After the blowout, they sent me his things in a thick paper grocery bag laid flat and closed up with packing tape. The note said his clothes and extra boots had been given to the other men, and that the pictures, my letters and a few torn magazine pages were the only other things left to send home. I couldn’t read the letters for a long time, but I put the magazine pages and the picture of him and Honeydew on the refrigerator right away. Jack never said anything about wanting to study to take care of animals, but I guess it makes sense now.

Story by Grisella M. Martinez

TWO

He was absolutely perfect. I was captivated by him; the dirty blonde hair that grazed his shoulders, those eyes that he always complained were too far apart but that I always loved. That couch? It was his mother’s. She died when he was sixteen. Lung cancer. The woman was 52 and smoked as many cigarettes as she could during the commercials of M*A*S*H. He hated her for it. It was blackening the parts of her surrounding her heart, and sometimes late at night, he would imagine that turning into ash, too.

Once she passed, he came to where I was living and picked me up immediately. I had been abused by my last, kicked and screamed at when I was too affectionate. It took me a while to really trust him – every time I wanted to kiss him I winced and backed away for fear of another bruised bone. But he wasn’t like that.

We loved one another. Ten years passed and on our anniversary, he came home with a giant present for me.
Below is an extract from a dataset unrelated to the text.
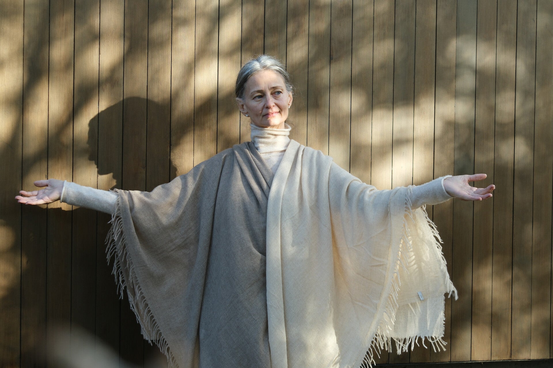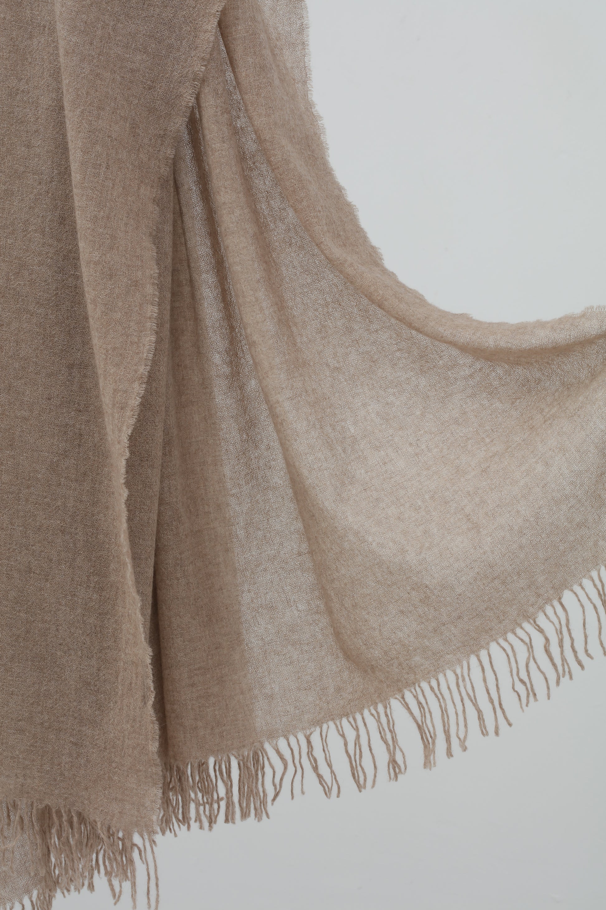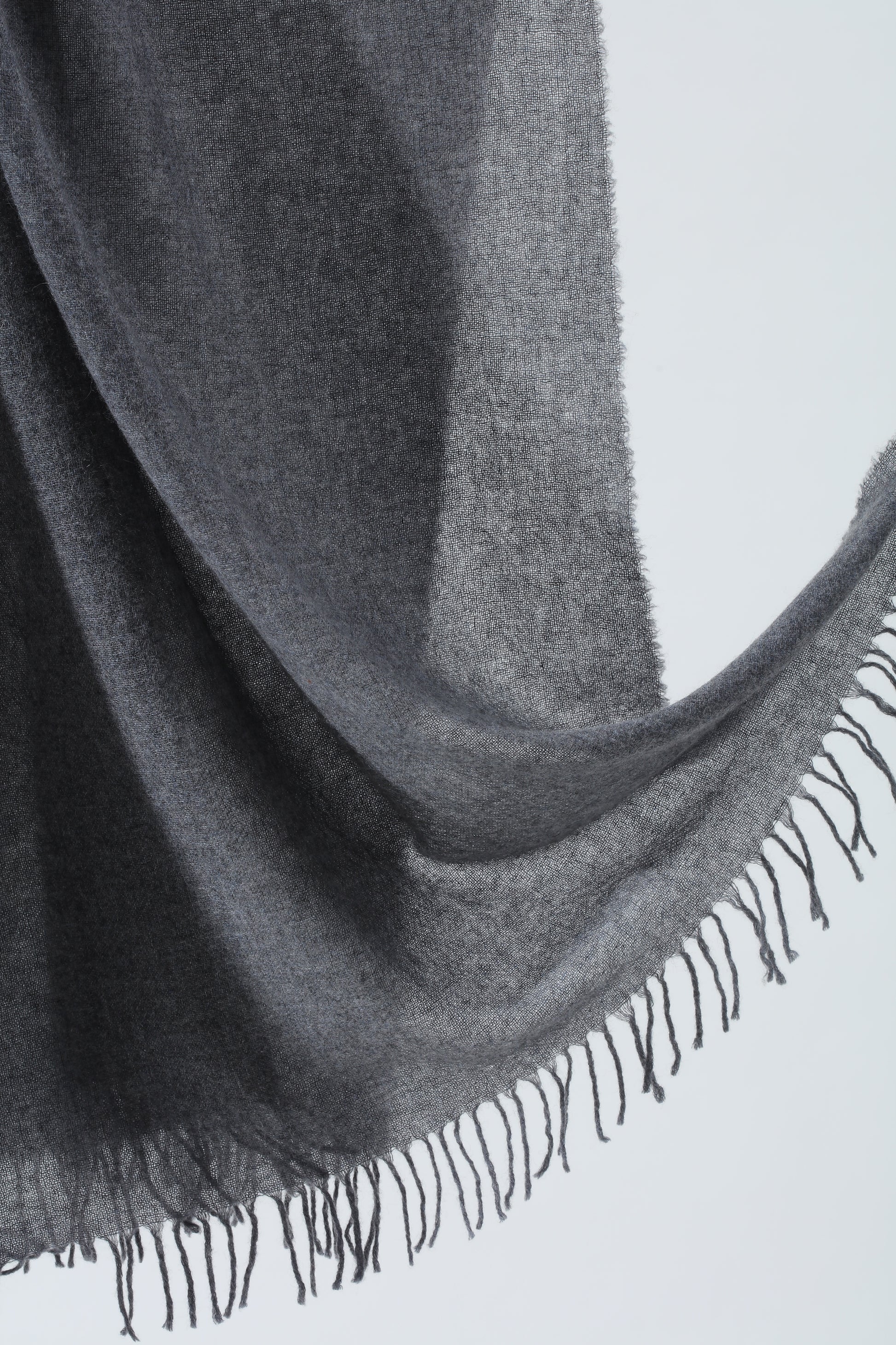 Indulge in the subtle luxury of our baby cashmere shawl. Part of our healing series, this exceptionally light shawl, adorned with delicate eyelash fringes, provides surprising warmth and breathability, enveloping you in a comforting embrace that feels like nothing at all.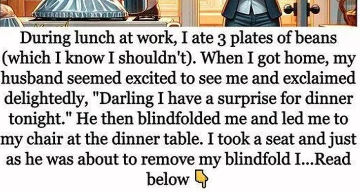During lunch at work, I made the regrettable choice to eat three plates of beans. When I got home, my husband excitedly greeted me with a surprise dinner and blindfolded me. Just as he was about to remove the blindfold, the phone rang, and he left to answer it.

Not the one pictured. Of course, looking at that stupid yellow paper that he wrapped everything in isn’t helping me get over it.

I ran outside like the absolute fucking idiot that I am and he chased me, laughing his gorgeously frustrating laugh. A ‘95 cherry red Volvo sped down the road. He pushed me out of the way.

They wouldn’t let me see him in the hospital. I wasn’t family, but dear Lord I was more family to that man than any of the people that were allowed. Oh, how I regretted every fight we had… that bastard was mine and all of a sudden, he wasn’t.

His lungs filled up with fluid. It’s crazy that a man so immensely aware of his health could die like that. I hear he asked the doctors to light up a cigarette in the room. The smell comforted him, I guess. He died that night.

It’s been four months, 8 days, and 12 hours. And it still hurts to look at that picture of us.